Una vulnerabilità di gravità critica in un plugin di WordPress, utilizzato in oltre 90.000 installazioni, potrebbe permettere agli aggressori di eseguire codice a distanza e compromettere completamente i siti web vulnerabili. Il plugin in questione, denominato “Backup Migration“, aiuta gli amministratori a automatizzare i backup dei siti su storage locale o su un account Google Drive.

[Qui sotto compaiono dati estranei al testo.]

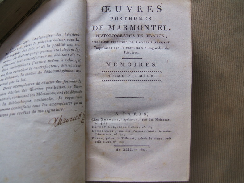 1804 Paris, Xhrouet, 1804 (an 13). Quatre tomes en deux volumes in-12, 394--328-352-341 pages. Reliure époque demi veau blond, dos lisse, faux nerfs et fleurons dorés, pièce de titre maroquin rouge, titre or. "Les mémoires de Marmontel, incontestablement son chef-doeuvre, sont considérés comme un document important pour lhistoire de la littérature et de la société française au XVIII° siècle ». Mors fragiles dont deux partiellemnt fendus.
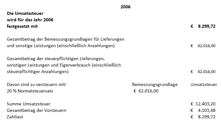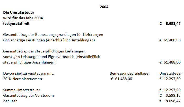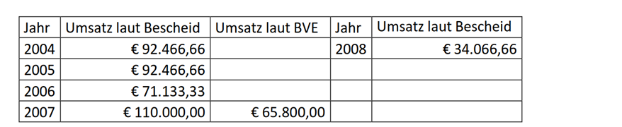 Die Bemessungsgrundlagen und die festgesetzte Umsatzsteuer für die Jahre 2004 bis 2006 betragen daher wie folgt (es werden die Bemessungsgrundlagen und die Umsatzsteuer, die Vorsteuern und die Zahllast aus den im Erkenntnis angeführten Gründen angepasst, wobei auf eine Gegenüberstellung zu den bisherigen Bescheiddaten aus Gründen der Übersichtlichkeit verzichtet wird):

Dettagli della Vulnerabilità
La falla di sicurezza, tracciata come CVE-2023-6553 e valutata con un punteggio di gravità di 9.8/10, è stata scoperta da un team di cacciatori di bug noto come Nex Team, che ha segnalato il problema alla società di sicurezza WordPress Wordfence tramite un programma di bug bounty recentemente lanciato. La vulnerabilità impatta tutte le versioni del plugin fino alla 1.3.6 inclusa, e gli attori malintenzionati possono sfruttarla in attacchi a bassa complessità senza interazione dell’utente.
Come Funziona l’Attacco
CVE-2023-6553 consente agli aggressori non autenticati di prendere il controllo dei siti web bersaglio ottenendo l’esecuzione di codice remoto tramite l’iniezione di codice PHP attraverso il file /includes/backup-heart.php. “Questo è dovuto al fatto che un aggressore può controllare i valori passati a un include, e successivamente sfruttarlo per ottenere l’esecuzione di codice remoto. Ciò rende possibile per gli attori della minaccia eseguire facilmente codice sul server”, ha dichiarato Wordfence.
Rilascio della Patch
Wordfence ha segnalato la grave falla di sicurezza al team di sviluppo di Backup Migration, BackupBliss, il 6 dicembre, con gli sviluppatori che hanno rilasciato una patch poche ore dopo. Tuttavia, nonostante il rilascio della versione corretta del plugin Backup Migration 1.3.8 il giorno della segnalazione, quasi 50.000 siti web WordPress che utilizzano una versione vulnerabile devono ancora essere messi in sicurezza, come mostrano le statistiche di download di WordPress.org.
Consigli per gli Amministratori
Gli amministratori sono fortemente consigliati a proteggere i loro siti web contro potenziali attacchi sfruttando CVE-2023-6553, data la criticità della vulnerabilità che può essere sfruttata a distanza da attori malintenzionati non autenticati.